Problem statement
Two lines mark the range in the entries below: the one holding "8月28日,周海媚宣布退出微" and the one holding "Principal Coordinates Analysis". Set down those two and all lines between them, exactly.

(Data in this exercise begins)

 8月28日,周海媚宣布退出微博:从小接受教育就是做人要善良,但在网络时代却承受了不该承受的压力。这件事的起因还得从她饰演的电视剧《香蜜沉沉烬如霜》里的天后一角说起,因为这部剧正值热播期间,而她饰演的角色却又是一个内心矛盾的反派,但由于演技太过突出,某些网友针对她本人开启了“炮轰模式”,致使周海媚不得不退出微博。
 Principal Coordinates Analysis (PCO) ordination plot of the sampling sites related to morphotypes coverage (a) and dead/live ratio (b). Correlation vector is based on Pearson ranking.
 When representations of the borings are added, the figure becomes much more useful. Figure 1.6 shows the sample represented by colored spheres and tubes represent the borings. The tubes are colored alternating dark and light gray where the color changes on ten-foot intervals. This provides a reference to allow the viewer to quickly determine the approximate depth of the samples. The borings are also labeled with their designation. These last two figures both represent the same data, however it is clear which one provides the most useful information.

(Data in this exercise ends)
(Data in this exercise begins)

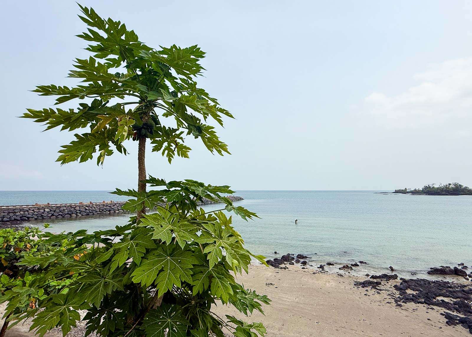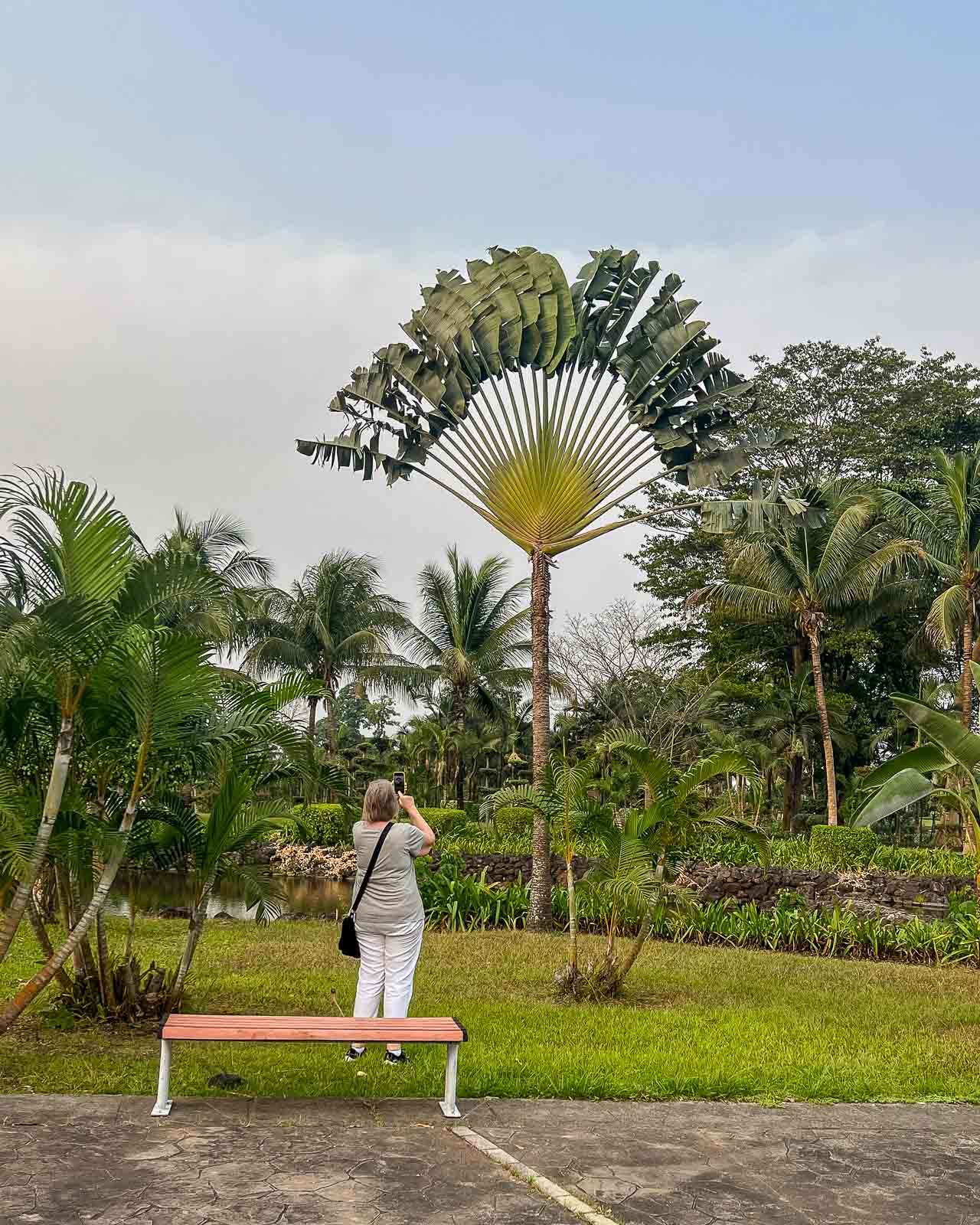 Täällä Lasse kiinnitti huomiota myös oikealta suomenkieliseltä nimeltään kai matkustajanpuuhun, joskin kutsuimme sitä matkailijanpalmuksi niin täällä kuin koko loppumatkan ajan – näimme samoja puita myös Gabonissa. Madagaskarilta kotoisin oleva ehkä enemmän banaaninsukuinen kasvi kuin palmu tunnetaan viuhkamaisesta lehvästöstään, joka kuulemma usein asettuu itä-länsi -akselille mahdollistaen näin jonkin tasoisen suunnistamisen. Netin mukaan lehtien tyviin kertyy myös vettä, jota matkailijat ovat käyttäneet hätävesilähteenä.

(Data in this exercise ends)

Answer box
 8月28日,周海媚宣布退出微博:从小接受教育就是做人要善良,但在网络时代却承受了不该承受的压力。这件事的起因还得从她饰演的电视剧《香蜜沉沉烬如霜》里的天后一角说起,因为这部剧正值热播期间,而她饰演的角色却又是一个内心矛盾的反派,但由于演技太过突出,某些网友针对她本人开启了“炮轰模式”,致使周海媚不得不退出微博。
 Principal Coordinates Analysis (PCO) ordination plot of the sampling sites related to morphotypes coverage (a) and dead/live ratio (b). Correlation vector is based on Pearson ranking.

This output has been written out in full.